The build system also uses 

LOCAL_C_INCLUDES

 paths automatically when launching native debugging with ndk-gdb.

LOCAL_CFLAGS

This optional variable sets compiler flags for the build system to pass when building C and C++ source files. The ability to do so can be useful for specifying additional macro definitions or compile options.

Try not to change the optimization/debugging level in your 

Android.mk

 file. The build system can handle this setting automatically for you, using the relevant information in the 

Application.mk

 file. Doing it this way allows the build system to generate useful data files used during debugging.

Note: In android-ndk-1.5_r1, the corresponding flags only applied to C source files, not C++ ones. They now match the full Android build system behavior. (You can now use 

LOCAL_CPPFLAGS

 to specify flags for C++ sources only.)

It is possible to specify additional include paths by writing:

LOCAL_CFLAGS += -I<path>,
      

It is better, however, to use 

LOCAL_C_INCLUDES

 for this purpose, since doing so also makes it possible to use the paths available for native debugging with ndk-gdb.

LOCAL_CPPFLAGS

An optional set of compiler flags that will be passed when building C++ source files only. They will appear after the LOCAL_CFLAGS on the compiler's command-line.

Note: In android-ndk-1.5_r1, the corresponding flags applied to both C and C++ sources.
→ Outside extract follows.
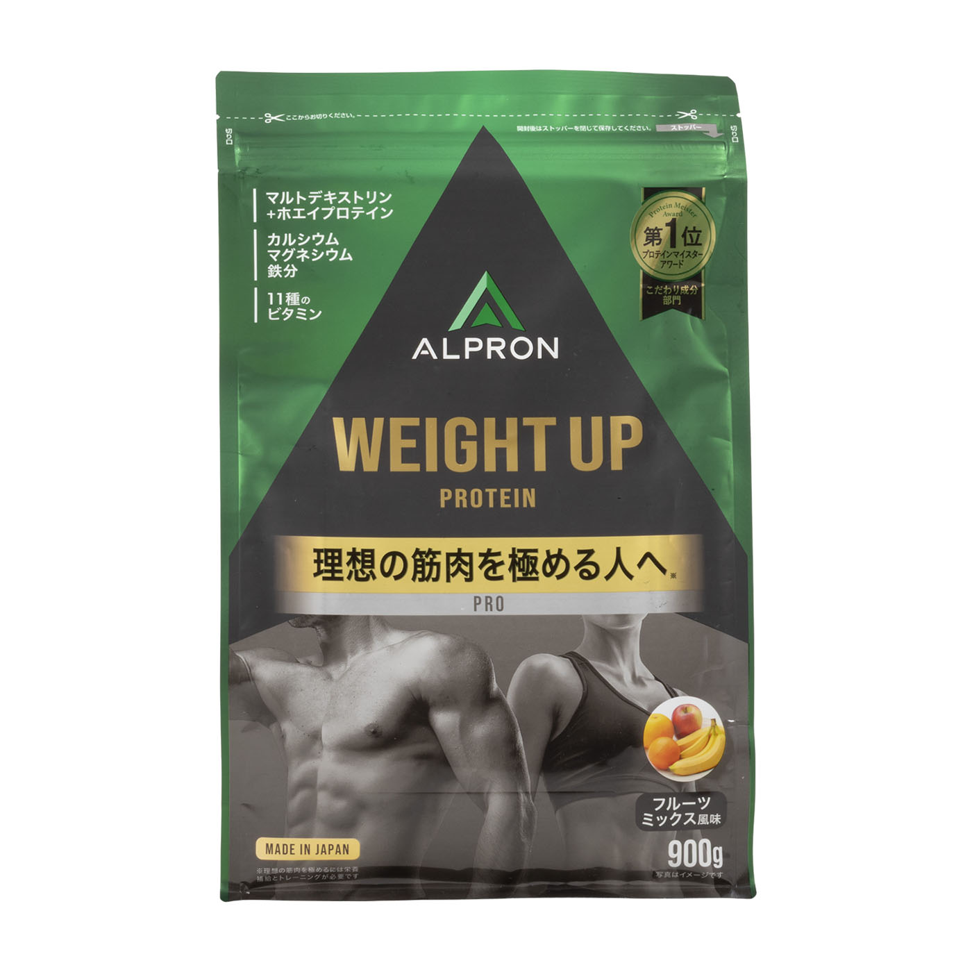 アルプロンの「ALPRONウェイトアップ フルーツミックス風味」は、ホエイを主要成分としたウエイトゲイナーです。容量は、900g入りで約30回分。アンチドーピング認証を取得しており、日本で製造されています。成分分析の結果は、おおむね良好でした。1杯あたりたんぱく質は6.1gで炭水化物は21.3gと理想的なバランス。総量100gから摂れるカロリーは86.2kcalと低く、増量には不向きではあるものの、脂質はほぼ含まれていないため、脂質過多になりにくい商品といえます。糖質の補給に適したマルトデキストリンやミネラル・11種類のビタミンが配合されている点は魅力のひとつです。おいしさの評価も、良好な結果でした。粉っぽさやダマは気にならないと好印象。モニターからは「適量な甘さでケミカル感も穏やかにまとまっていた」という声があがった一方で、「人工甘味料の甘さや酸味を強く感じた」との声もありました。人工甘味料が気ならない人であればおすすめできる商品といえるでしょう。溶けやすさの検証では、高評価を獲得しました。数回シェイクするだけでダマが一切残らず、非常に溶けやすいため、手間を省き、無理なくリピートし続けたい実用性重視の人におすすめできる商品です。

This has been corrected to match the full Android build system. To specify flags for both C and C++ sources, use 

LOCAL_CFLAGS

.

LOCAL_STATIC_LIBRARIES

This variable stores the list of static libraries modules on which the current module depends.

If the current module is a shared library or an executable, this variable will force these libraries to be linked into the resulting binary.

If the current module is a static library, this variable simply indicates that other modules depending on the current one will also depend on the listed libraries.

LOCAL_SHARED_LIBRARIES

This variable is the list of shared libraries modules on which this module depends at runtime. This information is necessary at link time, and to embed the corresponding information in the generated file.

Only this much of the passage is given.